Liquid dispersions for oral administration may be syrups, emulsions, solutions or suspensions. A syrup may contain as carrier, for example, saccharose, or saccharose and glycerol and/or mannitol and/or sorbitol. Suspensions and emulsions may contain carriers such as natural gums, agar, sodium alginate, pectin, methylcellulose, carboxymethylcellulose, or polyvinyl alcohol.

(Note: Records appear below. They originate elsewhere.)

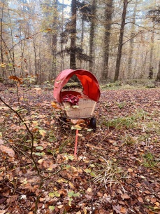 Mindestens einmal im Kindergartenjahr findet ein Ausflug auf den Venusberg bei Lehenweiler statt. Die Landschaft dort ist einfach zu schön und die drei, etwas versteckten Ruinen, denen wir jedes Mal einen Besuch abstatten müssen, sind ganz besonders spannend und aufregend. Und so waren wir auch Anfang Oktober in der Heidelandschaft unterwegs. Jede Menge schöne Pilze haben wir entdeckt, Wiesenchampignons, Boviste und Butterpilze. Auch dunkelrote Hagebutten wanderten in die Jackentaschen.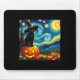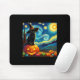 Halloween Van Gogh Starry Night Black Cat Witch Ha Mouse Mat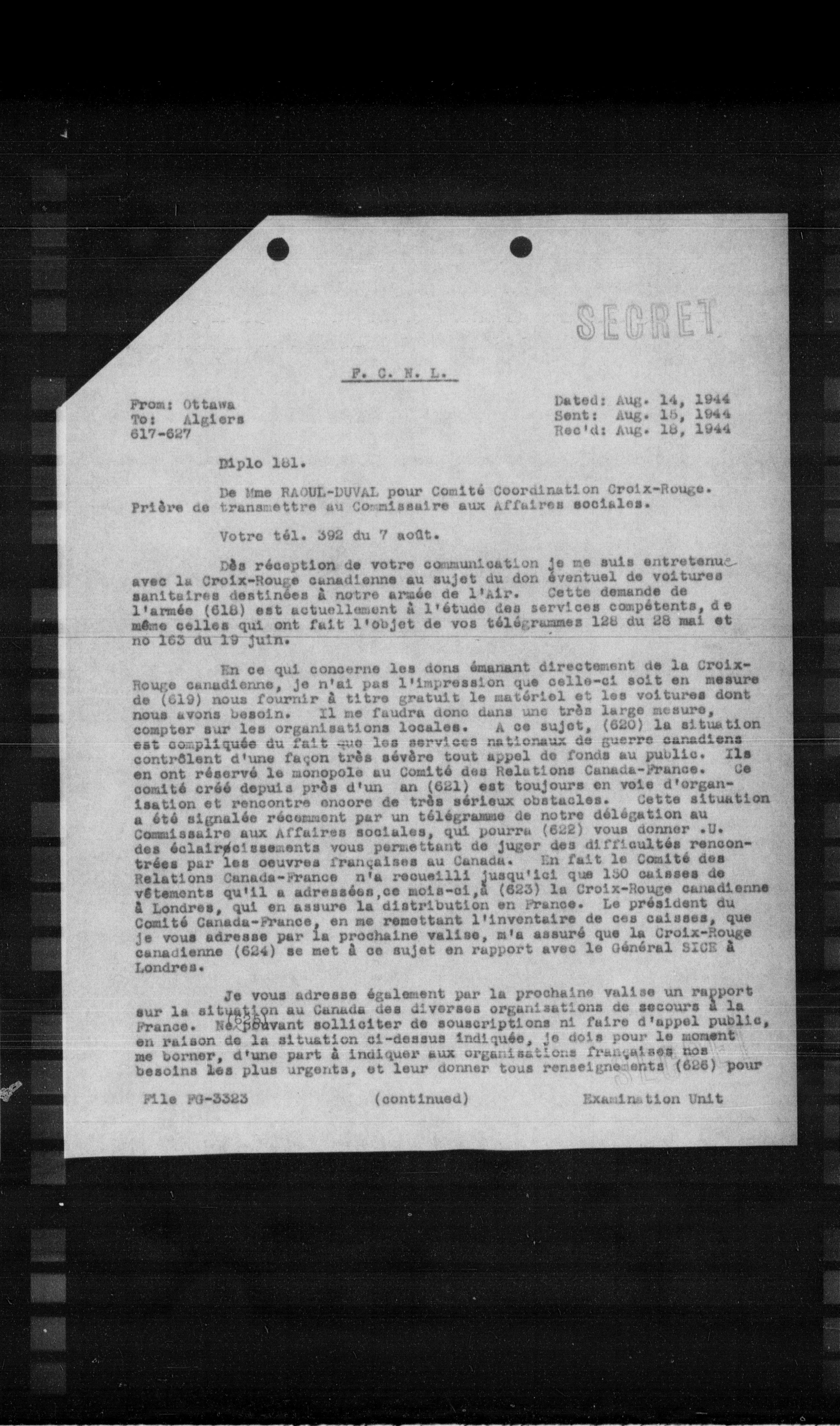 En ce qui concerne les dons émanant directement de la Croix-Rouge canadienne, je n'ai pas l'impression que celle-ci soit en mesure de (619) nous fournir à titre gratuit le matériel et les voitures dont nous avons besoin. Il me faudra donc dans une très large mesure, compter sur les organisations locales. À ce sujet, (620) la situation est compliquée du fait que les services nationaux de guerre canadiens contrôlent d'une façon très sévère tout appel de fonds au public. Ils en ont réservé le monopole au Comité des Relations Canada-France. Ce comité créé depuis près d'un an (621) est toujours en voie d'organisation et rencontre encore de très sérieux obstacles. Cette situation a été signalée récemment par un télégramme de notre délégation au Commissaire aux Affaires sociales, qui pourra (622) vous donner à l'idée éclairée des éclairés. Les deux parties, qui pourront, pour les œuvres françaises au Canada, en fait le Comité des Relations Canada-France n'a recueilli jusqu'ici que 150 caisses de vêtements qu'il a adressées, ce mois-ci, à (623) le Croix-Rouge canadienne à Londres, qui en assure la distribution en France. Le président du Comité Canada-France, en me remettant l'inventaire de ces caisses, que je vous adresse par la prochaine valise, m'a assuré que le Croix-Rouge canadienne (624) se met à ce sujet en rapport avec le Général SIGE à Londres.
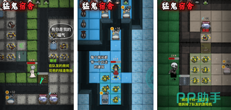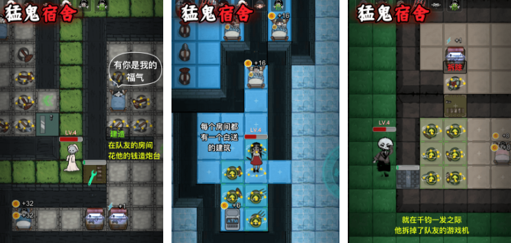 猛鬼宿舍是像素风格的塔防生存手游,核心玩法围绕躺平者与猛鬼的攻防对抗展开,每局对战包含多名躺平者与一名猛鬼,开局后躺平者需迅速选择房间入住,依靠床铺持续产出的资源建造大门与防御炮塔,胜利条件分为两种,躺平者坚持到倒计时结束或成功击败猛鬼即可获胜,若所有房间均被攻破则猛鬼胜利。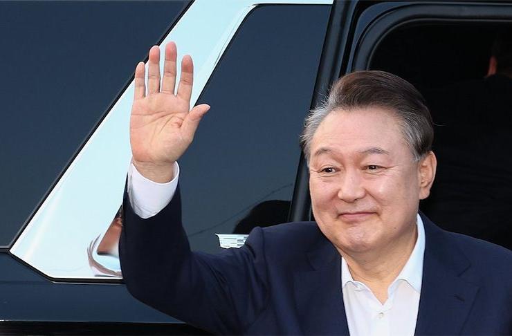 从首尔拘留所离开,尹锡悦抵达总统官邸 下车与支持者握手

The amount of active compound in therapeutic compositions according to various embodiments of the present invention may vary depending on the disease state, age, sex, weight, patient history, risk factors, predisposition to disease, route of administration, existing treatment regimens (e.g., possible interactions with other drugs), and factors such as the weight of the subject. Dosage regimens may be adjusted to provide the optimum therapeutic response. For example, a single IV injection may be administered, several divided doses may be administered over time or the dose may be proportionally reduced or increased as indicated by the exigencies of the therapeutic situation. good too.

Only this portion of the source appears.